WORK TO COMPLETE. What you print should match the entries exactly, only without the pictures.

EXERCISE DATA.
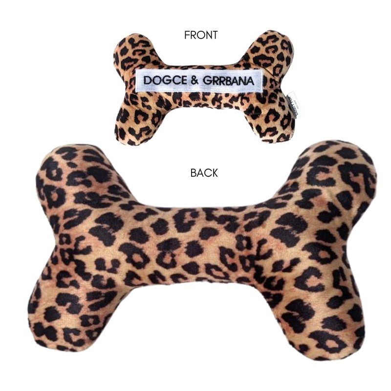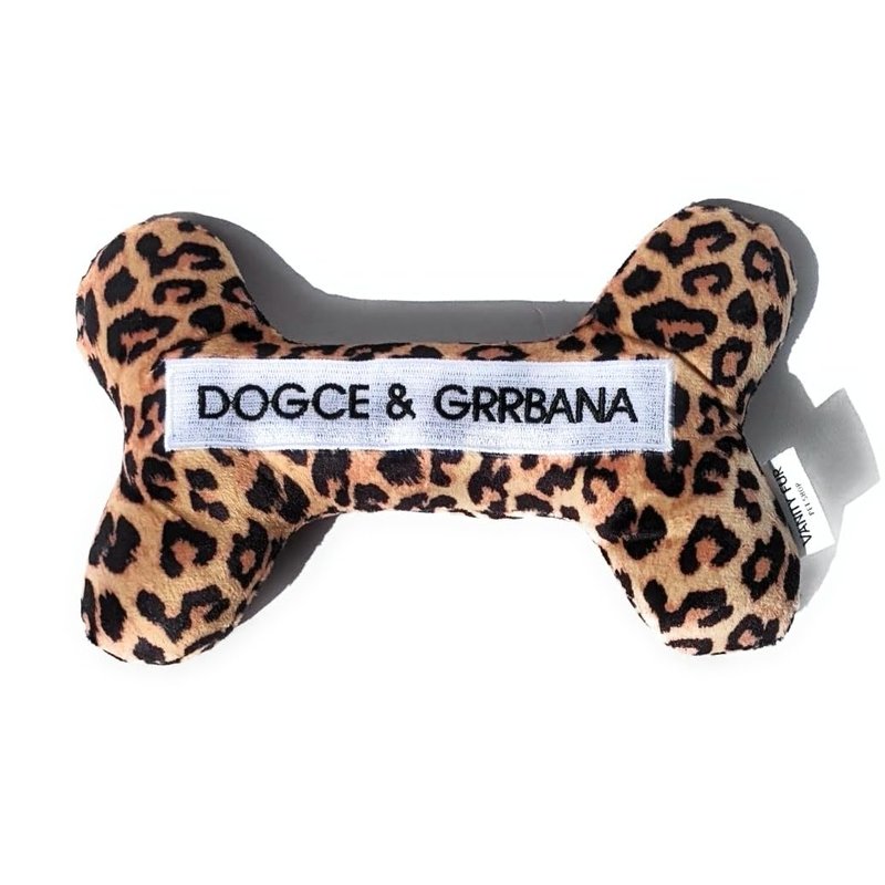 Vanity Fur Pet Shop 2-in-1 Interactive Plush Dog Toy, Stuffed Squeaky Enrichment Chew Toys, Fashion Designer Parody Dog Toy, Squeaker and Rubber Bone Inside | Dogce & Grrbana
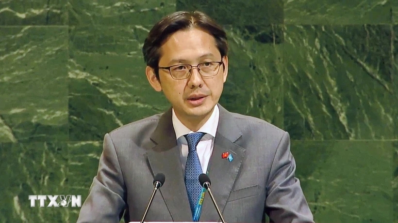 Đại sứ Đỗ Hùng Việt, Trưởng Phái đoàn thường trực Việt Nam tại Liên hợp quốc, phát biểu tại phiên toàn thể. (Ảnh: Thanh Tuấn/TTXVN)
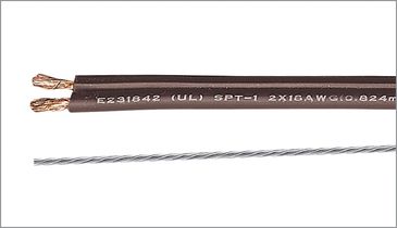 The wires are encased in a brown plastic sleeve. The bare ground wire is separate. One part of the brown sleeve has writing.
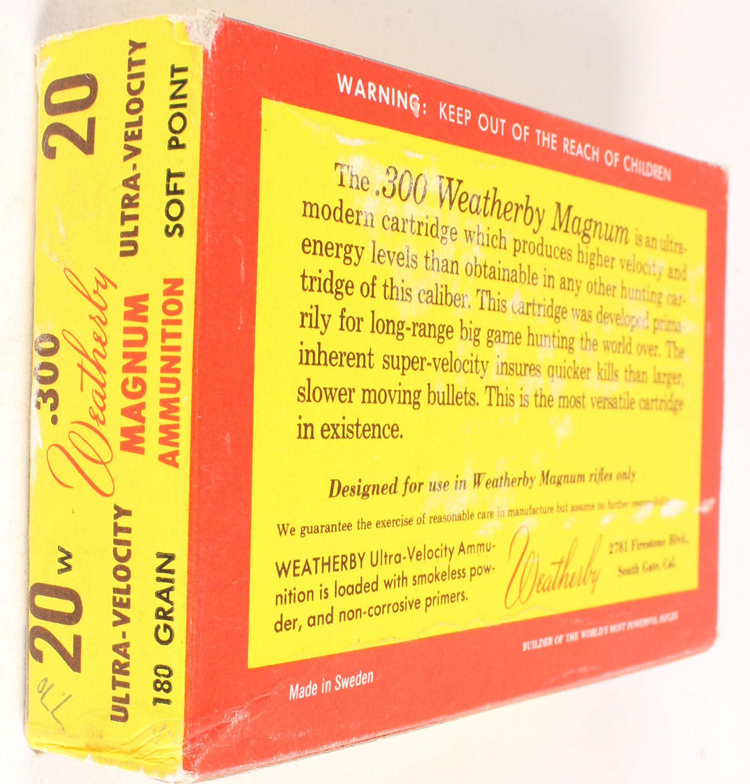 Weatherby, 300 W.M., 180 Grain Soft Point, Full, 1pc., multi-colored box, box is solid with great color, has some scuffing, end flaps are solid, ammo is very good. Grade: Excellent - Value: 20 to 80
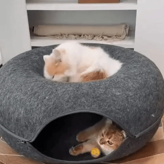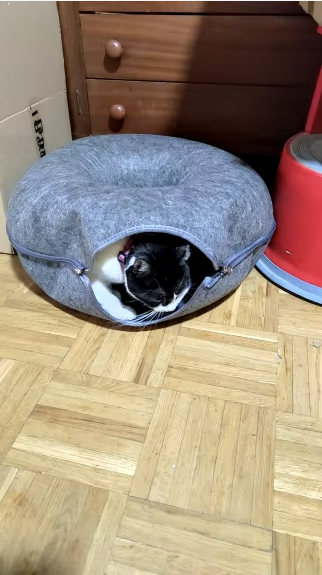 La forma de dona y los materiales suaves envuelven a tu gato en un abrazo cálido, ofreciéndole un lugar perfecto para descansar y sentirse seguro 😺
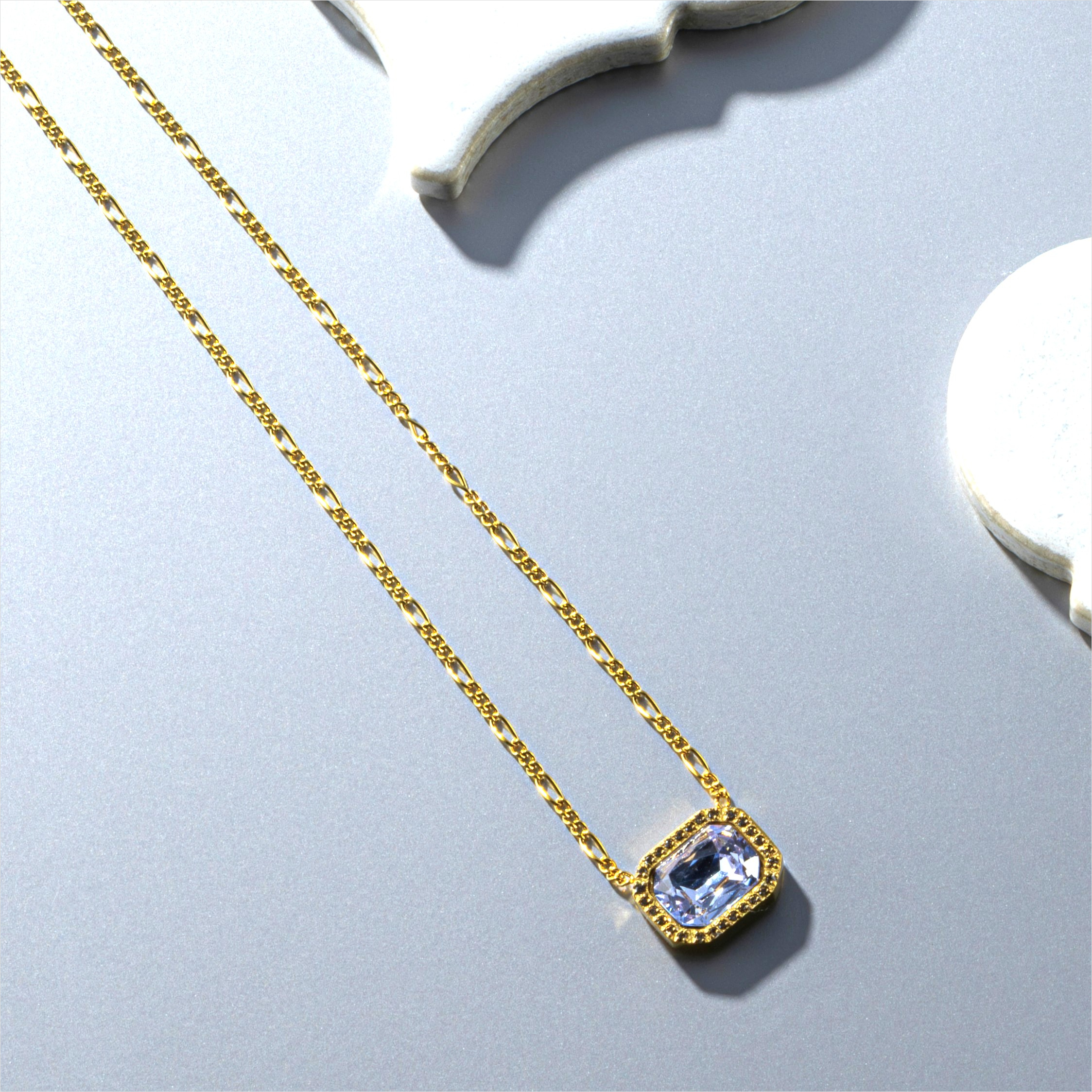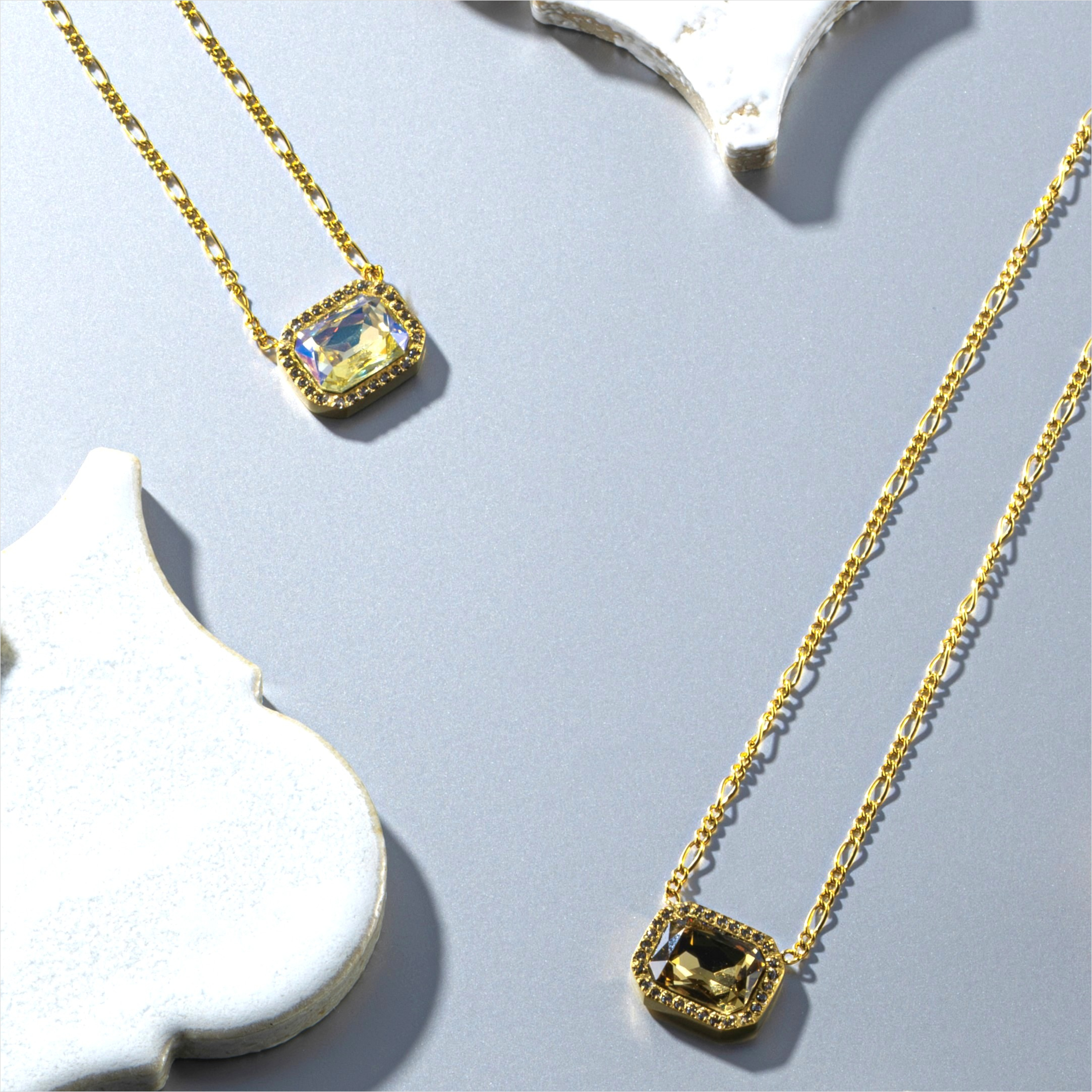 サイドの石をあえてブラックダイヤモンドカラーにした、モードな輝きを放つビジューネックレス。NEI/NORらしいエッジの効いた配色。同シリーズのピアスとのセット使いで、洗練された華やぎを添える高見えアクセサリー。
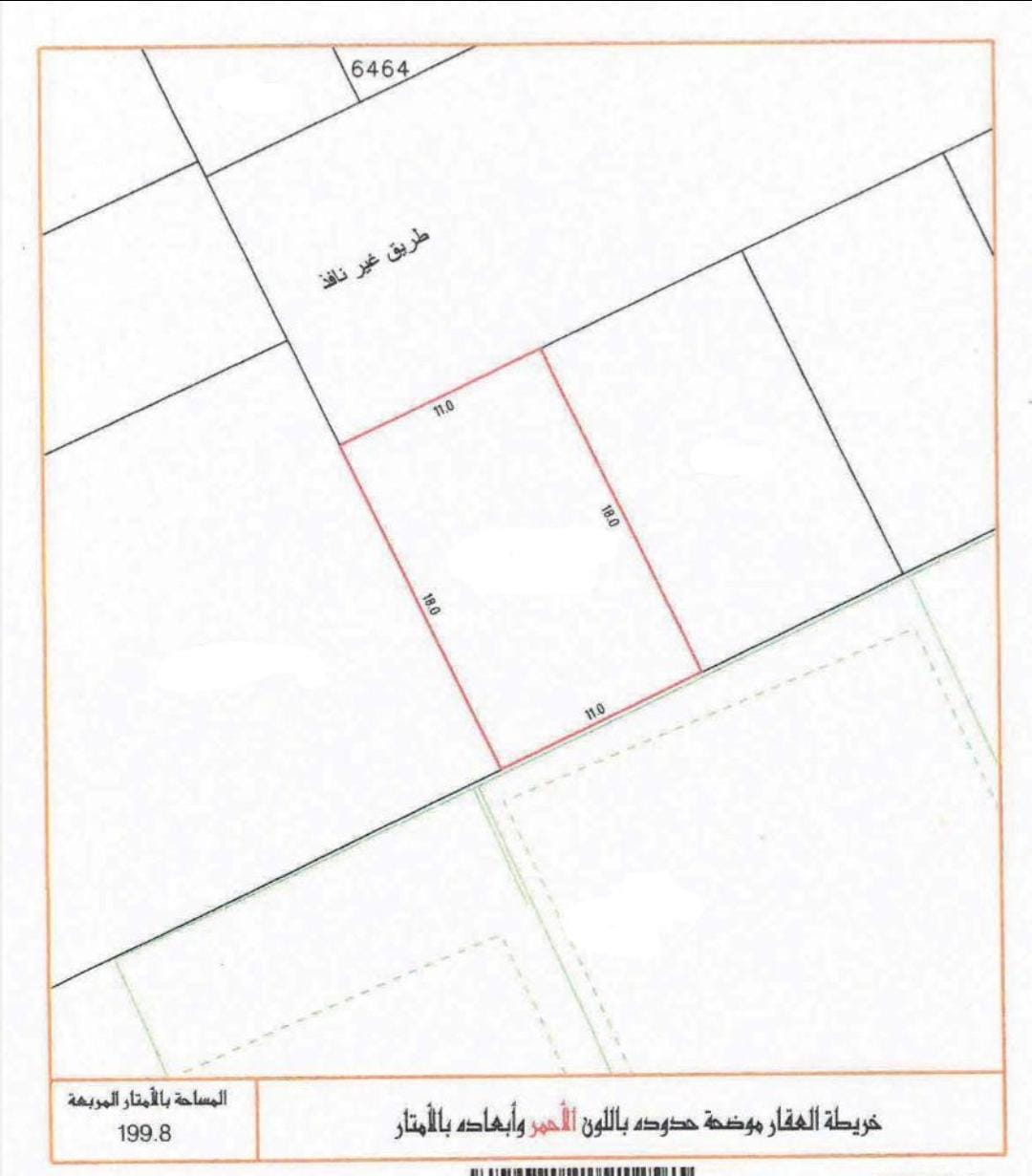 Residential Land for Sale in Dumistan with a classification of RHA (Connected Residential Area – A). The Land size is 199.8 SQM, priced at 30.22BHD per SQFT , with a total price of 64,999.095BHD
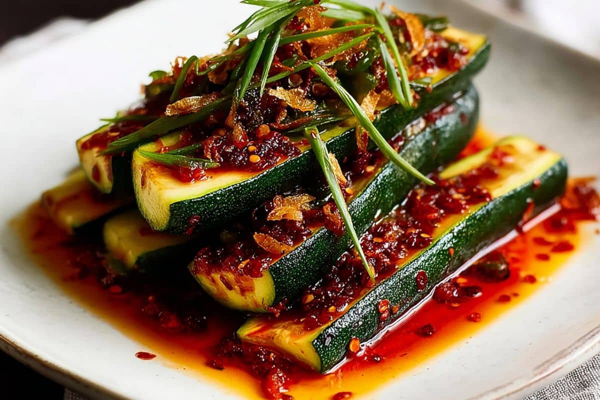 Spicy Asian Zucchini is a vibrant dish bursting with bold flavors and irresistible textures. Think tender zucchini, perfectly seared until golden, coated in a rich, spicy umami sauce, then topped with crispy shallots and freshly sliced green onions. It’s a dish that hits every note—smoky, spicy, savory, and crisp.
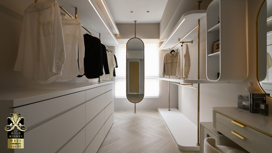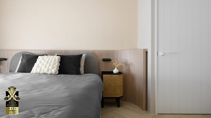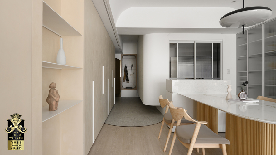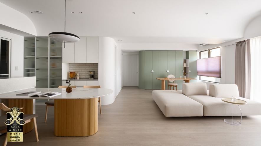 9美国 MUSE Design Awards致力于发掘全球设计缪思,涵盖建筑、室内、时尚等领域。2025年共吸引来自122国、超过十万件作品参赛,由200多位专业评审严格遴选,为国际设计界的重要指标。擎森设计 设计总监 陈楚扉 呼应住者对温馨居所的嚮往,透过圆弧曲线消弭空间结构的量体沉重感,搭配大地色系与素雅淨白,营造云朵飘浮般的轻盈诗意,家宅《云暮》以其跳脱传统格局、将生活哲学与空间美学完美融合的创新手法,充分体现该奖项推崇的「发掘兼具创新精神与人文关怀的设计」精神,荣获本届赛事「金奖」殊荣!
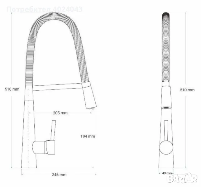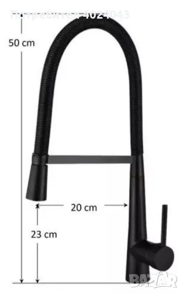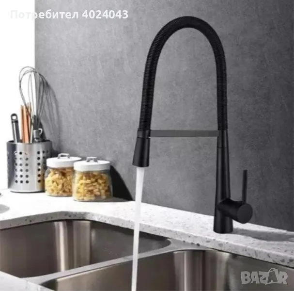 Висок кран за мивка с подвижен гъвкав чучур тип "U", черен
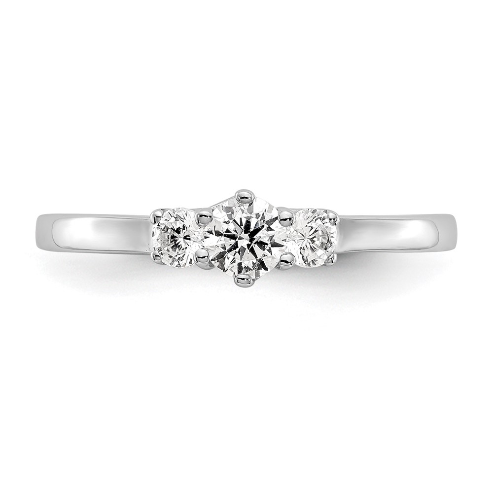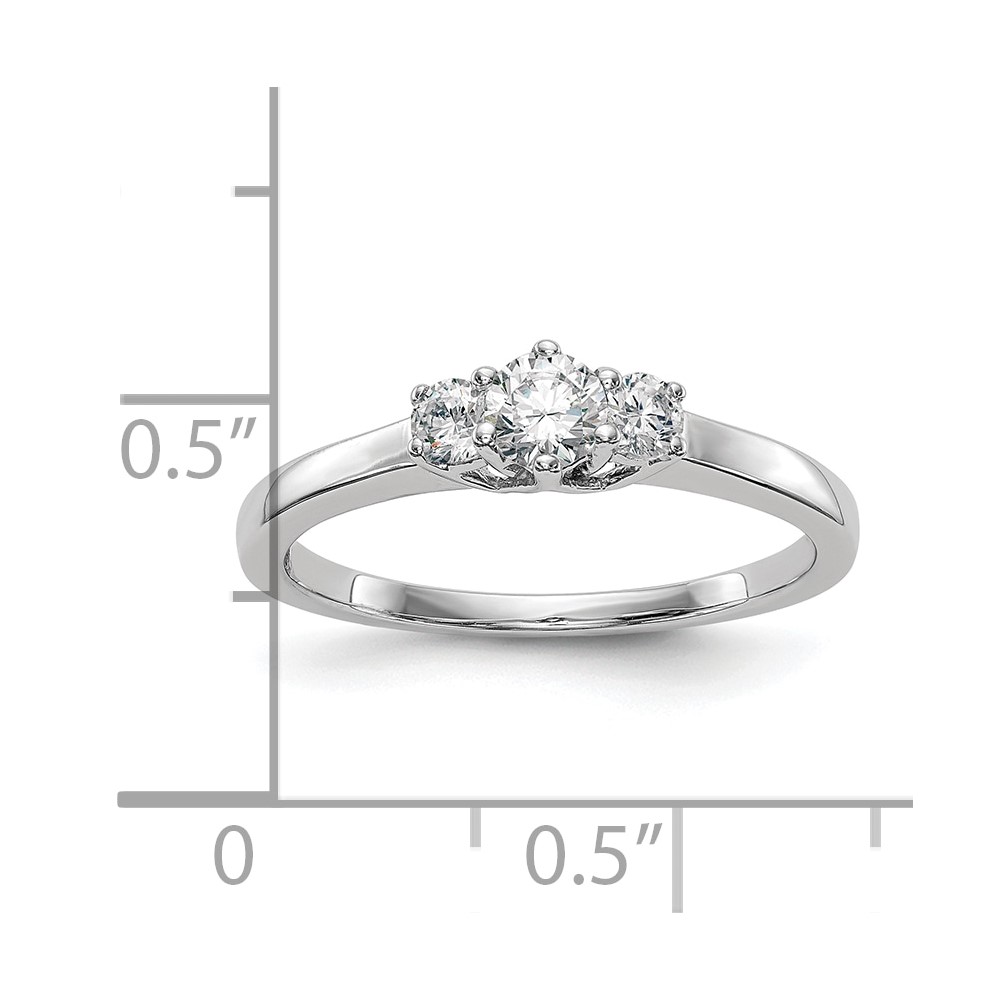 14K White Gold 3-Stone (Holds 1/4 carat (4.1mm) Round Center) Includes 2-2.7mm Round Side Diamonds Semi-Mount Engagement Ring

ANSWER TO THIS PROBLEM.
 Vanity Fur Pet Shop 2-in-1 Interactive Plush Dog Toy, Stuffed Squeaky Enrichment Chew Toys, Fashion Designer Parody Dog Toy, Squeaker and Rubber Bone Inside | Dogce & Grrbana
 Đại sứ Đỗ Hùng Việt, Trưởng Phái đoàn thường trực Việt Nam tại Liên hợp quốc, phát biểu tại phiên toàn thể. (Ảnh: Thanh Tuấn/TTXVN)
 The wires are encased in a brown plastic sleeve. The bare ground wire is separate. One part of the brown sleeve has writing.
 Weatherby, 300 W.M., 180 Grain Soft Point, Full, 1pc., multi-colored box, box is solid with great color, has some scuffing, end flaps are solid, ammo is very good. Grade: Excellent - Value: 20 to 80
 La forma de dona y los materiales suaves envuelven a tu gato en un abrazo cálido, ofreciéndole un lugar perfecto para descansar y sentirse seguro 😺
 サイドの石をあえてブラックダイヤモンドカラーにした、モードな輝きを放つビジューネックレス。NEI/NORらしいエッジの効いた配色。同シリーズのピアスとのセット使いで、洗練された華やぎを添える高見えアクセサリー。
 Residential Land for Sale in Dumistan with a classification of RHA (Connected Residential Area – A). The Land size is 199.8 SQM, priced at 30.22BHD per SQFT , with a total price of 64,999.095BHD
 Spicy Asian Zucchini is a vibrant dish bursting with bold flavors and irresistible textures. Think tender zucchini, perfectly seared until golden, coated in a rich, spicy umami sauce, then topped with crispy shallots and freshly sliced green onions. It’s a dish that hits every note—smoky, spicy, savory, and crisp.
 9美国 MUSE Design Awards致力于发掘全球设计缪思,涵盖建筑、室内、时尚等领域。2025年共吸引来自122国、超过十万件作品参赛,由200多位专业评审严格遴选,为国际设计界的重要指标。擎森设计 设计总监 陈楚扉 呼应住者对温馨居所的嚮往,透过圆弧曲线消弭空间结构的量体沉重感,搭配大地色系与素雅淨白,营造云朵飘浮般的轻盈诗意,家宅《云暮》以其跳脱传统格局、将生活哲学与空间美学完美融合的创新手法,充分体现该奖项推崇的「发掘兼具创新精神与人文关怀的设计」精神,荣获本届赛事「金奖」殊荣!
 Висок кран за мивка с подвижен гъвкав чучур тип "U", черен
 14K White Gold 3-Stone (Holds 1/4 carat (4.1mm) Round Center) Includes 2-2.7mm Round Side Diamonds Semi-Mount Engagement Ring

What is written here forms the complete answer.